• **Your assignment**: The records that follow are to be given again exactly, with their pictures omitted.

• **Records for this task**:
---

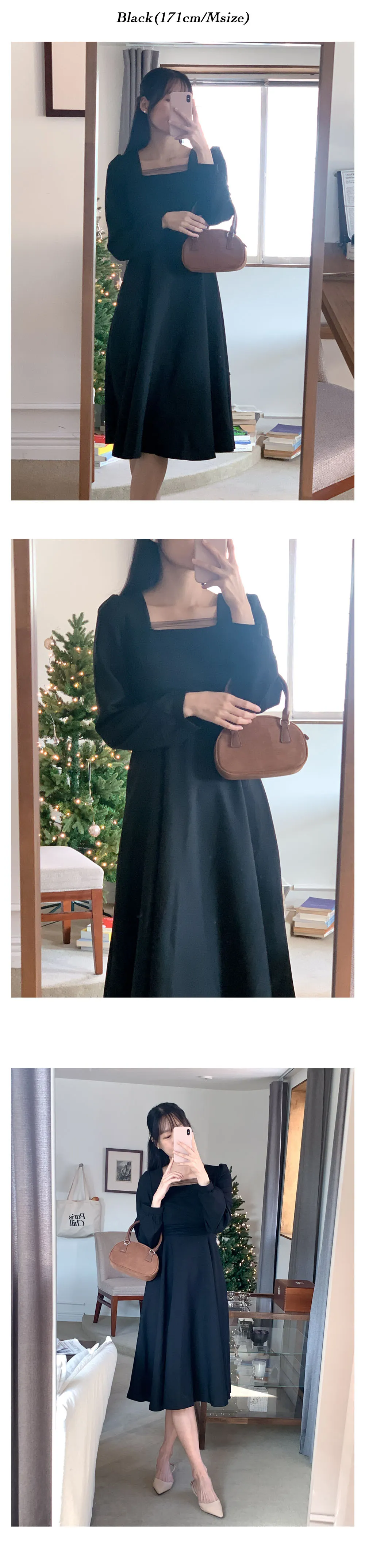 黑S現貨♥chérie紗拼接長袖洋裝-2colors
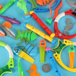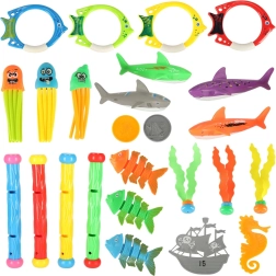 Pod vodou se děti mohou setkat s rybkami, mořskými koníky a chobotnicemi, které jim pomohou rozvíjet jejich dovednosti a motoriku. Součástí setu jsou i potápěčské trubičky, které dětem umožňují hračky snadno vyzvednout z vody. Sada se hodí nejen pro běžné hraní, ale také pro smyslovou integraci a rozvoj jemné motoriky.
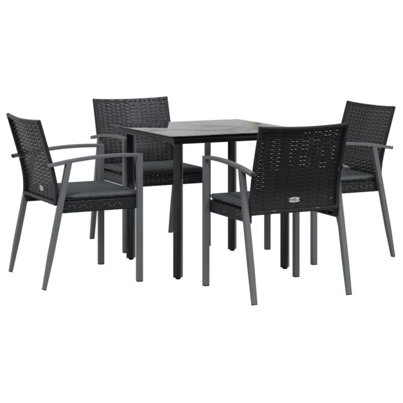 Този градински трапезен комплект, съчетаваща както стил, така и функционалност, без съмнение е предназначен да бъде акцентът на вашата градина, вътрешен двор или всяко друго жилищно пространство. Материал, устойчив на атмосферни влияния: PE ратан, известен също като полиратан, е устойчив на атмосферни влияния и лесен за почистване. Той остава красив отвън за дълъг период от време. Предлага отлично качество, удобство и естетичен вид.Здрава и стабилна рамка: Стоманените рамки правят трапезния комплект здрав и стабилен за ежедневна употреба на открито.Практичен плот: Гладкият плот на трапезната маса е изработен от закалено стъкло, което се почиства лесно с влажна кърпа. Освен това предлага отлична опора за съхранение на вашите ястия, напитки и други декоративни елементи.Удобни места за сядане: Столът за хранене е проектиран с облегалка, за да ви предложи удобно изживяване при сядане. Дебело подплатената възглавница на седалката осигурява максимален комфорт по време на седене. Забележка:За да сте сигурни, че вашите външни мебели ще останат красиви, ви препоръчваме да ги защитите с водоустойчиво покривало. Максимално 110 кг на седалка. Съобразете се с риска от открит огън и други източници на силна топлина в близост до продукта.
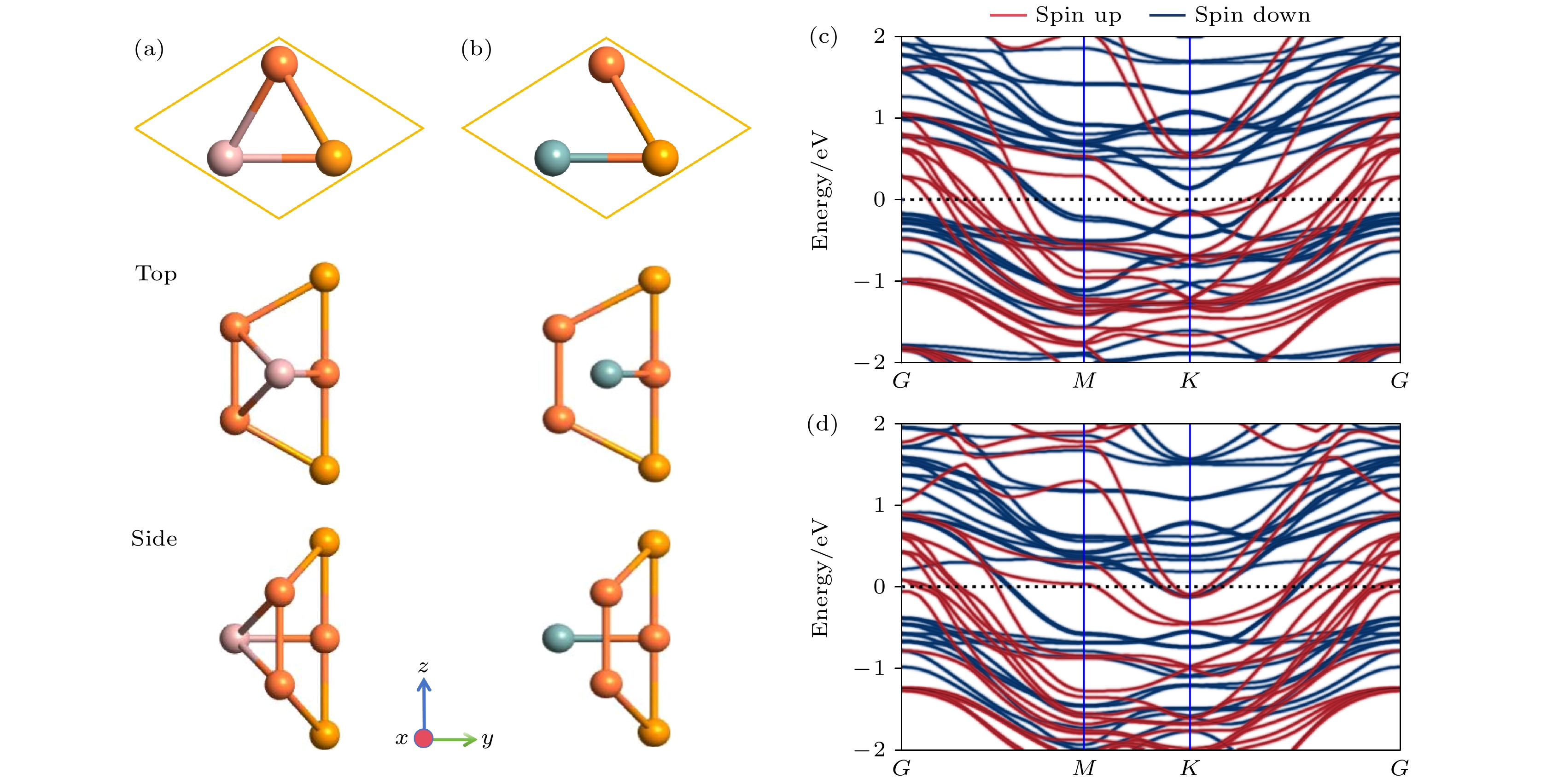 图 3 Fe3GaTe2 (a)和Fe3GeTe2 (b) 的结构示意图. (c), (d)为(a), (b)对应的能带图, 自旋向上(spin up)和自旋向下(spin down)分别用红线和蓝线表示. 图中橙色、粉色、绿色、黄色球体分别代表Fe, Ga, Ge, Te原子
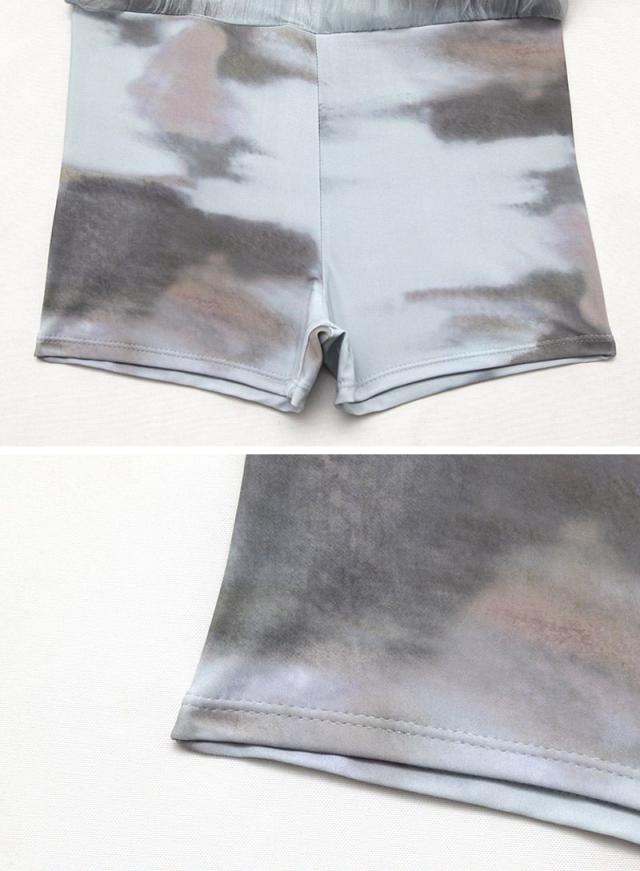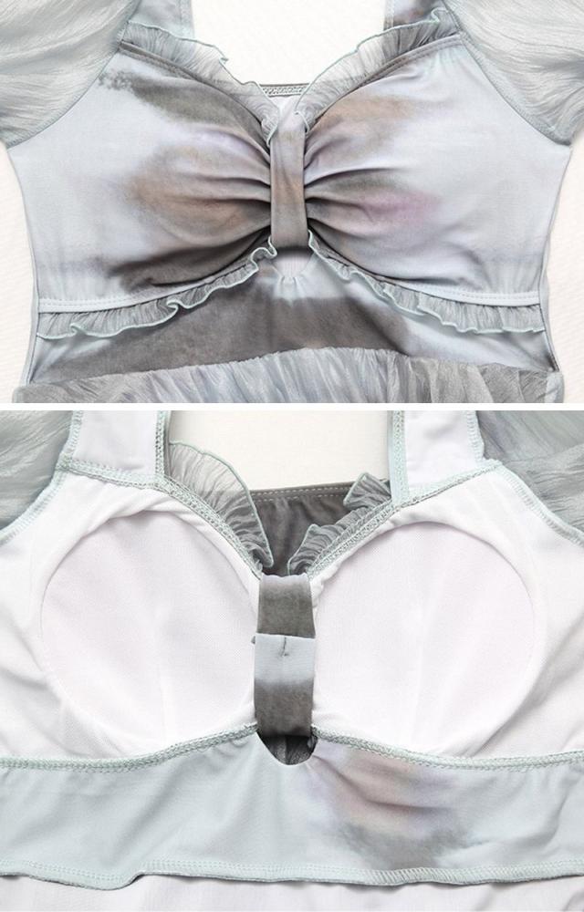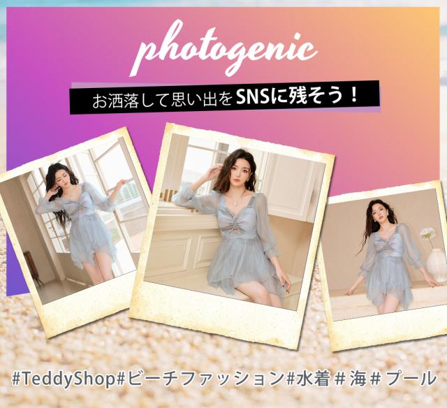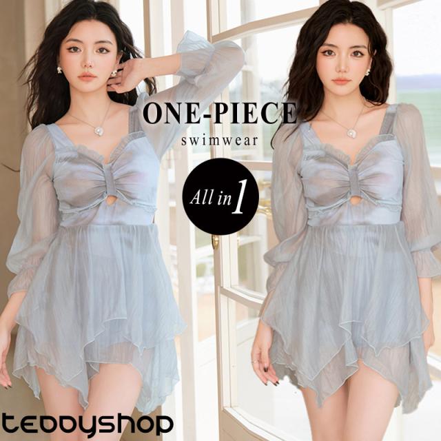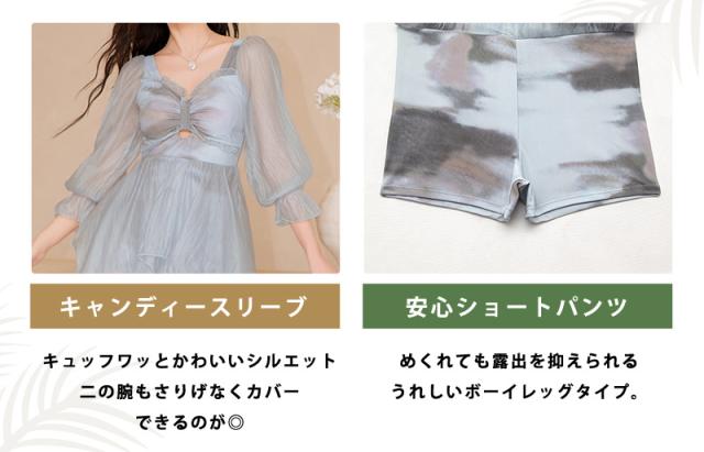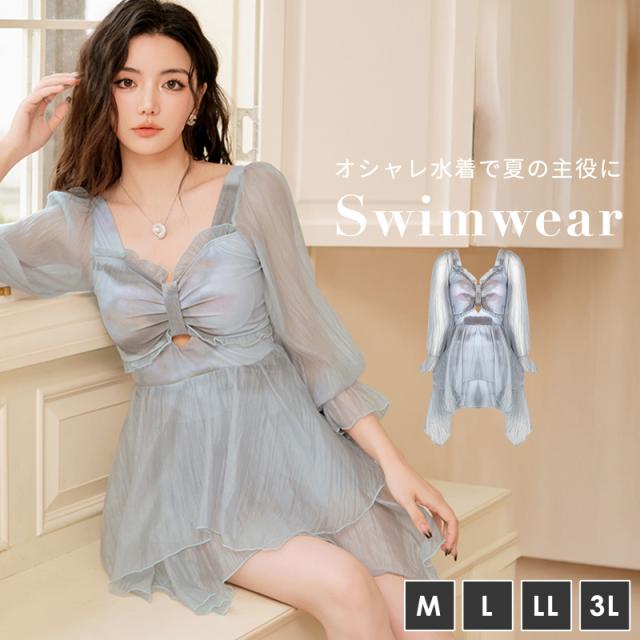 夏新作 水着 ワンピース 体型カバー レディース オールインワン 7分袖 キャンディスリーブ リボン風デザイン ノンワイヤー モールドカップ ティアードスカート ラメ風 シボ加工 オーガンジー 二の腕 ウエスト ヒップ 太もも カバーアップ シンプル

---

• **Output for this exercise**:
 黑S現貨♥chérie紗拼接長袖洋裝-2colors
 Pod vodou se děti mohou setkat s rybkami, mořskými koníky a chobotnicemi, které jim pomohou rozvíjet jejich dovednosti a motoriku. Součástí setu jsou i potápěčské trubičky, které dětem umožňují hračky snadno vyzvednout z vody. Sada se hodí nejen pro běžné hraní, ale také pro smyslovou integraci a rozvoj jemné motoriky.
 Този градински трапезен комплект, съчетаваща както стил, така и функционалност, без съмнение е предназначен да бъде акцентът на вашата градина, вътрешен двор или всяко друго жилищно пространство. Материал, устойчив на атмосферни влияния: PE ратан, известен също като полиратан, е устойчив на атмосферни влияния и лесен за почистване. Той остава красив отвън за дълъг период от време. Предлага отлично качество, удобство и естетичен вид.Здрава и стабилна рамка: Стоманените рамки правят трапезния комплект здрав и стабилен за ежедневна употреба на открито.Практичен плот: Гладкият плот на трапезната маса е изработен от закалено стъкло, което се почиства лесно с влажна кърпа. Освен това предлага отлична опора за съхранение на вашите ястия, напитки и други декоративни елементи.Удобни места за сядане: Столът за хранене е проектиран с облегалка, за да ви предложи удобно изживяване при сядане. Дебело подплатената възглавница на седалката осигурява максимален комфорт по време на седене. Забележка:За да сте сигурни, че вашите външни мебели ще останат красиви, ви препоръчваме да ги защитите с водоустойчиво покривало. Максимално 110 кг на седалка. Съобразете се с риска от открит огън и други източници на силна топлина в близост до продукта.
 图 3 Fe3GaTe2 (a)和Fe3GeTe2 (b) 的结构示意图. (c), (d)为(a), (b)对应的能带图, 自旋向上(spin up)和自旋向下(spin down)分别用红线和蓝线表示. 图中橙色、粉色、绿色、黄色球体分别代表Fe, Ga, Ge, Te原子
 夏新作 水着 ワンピース 体型カバー レディース オールインワン 7分袖 キャンディスリーブ リボン風デザイン ノンワイヤー モールドカップ ティアードスカート ラメ風 シボ加工 オーガンジー 二の腕 ウエスト ヒップ 太もも カバーアップ シンプル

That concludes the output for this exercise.